This week, as I was facilitating a session for a group of managers, one of them asked me the question, “What does top talent really want in a job?” On the surface, that seems like a pretty good question to ask. We all want to hire the best talent and he was trying to understand what they wanted so that he could do a better job of selling to them. But, what he really meant to ask was this “What do the people who I want to hire really want in a job like those I have to offer?”
It has become commonplace to talk of “talent” as if it is absolute. We strategize about recruiting “top talent” as if it is a group of people that is easily defined and targeted. But talent isn’t that simple. And, it’definitely not absolute.
When we step away from conceptual or academic discussions of talent, we need a more practical and realistic framework for understanding talent in business. When you break down the way we actually practice talent, we realize that talent is relative and contextual.
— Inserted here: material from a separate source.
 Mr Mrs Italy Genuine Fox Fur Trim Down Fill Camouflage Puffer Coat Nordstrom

For example, when we recruit for new talent to add to our teams, we will say that we want top talent for our new position. What that means is that you want the best talent available to you. The talent available to you is determined by how much you can pay, what else you have to offer a new recruit, your location, opportunity for growth and many other limiting factors. The boy who grows up in a town with the population of 800 wants to date the hottest girl in his school (the top talent), but if he moved to a city with a population of 1 million, his standard of what constitutes a “hot girl” would probably change just due to the number of girls he’s now exposed to. The girl who is the “hottest” in his small town school, might not make the cut in the big city. That’s relativity in action. We evaluate talent the same way in business. A individual who is top talent in one situation might be middle of the pack in another.
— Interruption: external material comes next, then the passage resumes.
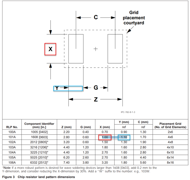 I'm working off of page 73 in the Surface Mount Design and Land Pattern Standard Chapter section 5.0 Land pattern dimensions.

Even the legendary former GE CEO Jack Welch has described that he was thankful he had chosen to attend the University of Massachusetts instead of MIT because at UMASS, he was the top talent in his class and he learned to lead from the front of the pack. He felt that had he gone to MIT, he would have been in the middle of the pack in terms of talent and that may have changed how he developed significantly. In business, we need to understand and embrace the relativity of talent. When we recruit or promote individuals, we are looking for great talent and potential relative to our situation and available talent pool. So, we need to have a great understanding of our organization’s talent situation and how that impacts the kind of talent that we should be trying to recruit.
Talent is also contextual. Talent in one environment may not constitute talent in another. It’s easy to fall into the trap of thinking that because someone showed great ability in one situation that they will be as able in every situation. For example, an individual who has years of successful experience marketing within an established firm with a strong brand may not have any success marketing a start-up firm. Long ago, I was pretty good at selling copy machines to small businesses. But, those selling skills don’t mean that I’m going to be good at selling service solutions to large companies (although I am really hoping it does). The context and situation have huge implications on what constitutes talent. As leaders and talent professionals, we have to be diligent about defining what talent means in our organization, in very specific terms. Otherwise, it’s easy to end up chasing talent that isn’t likely to succeed in our context.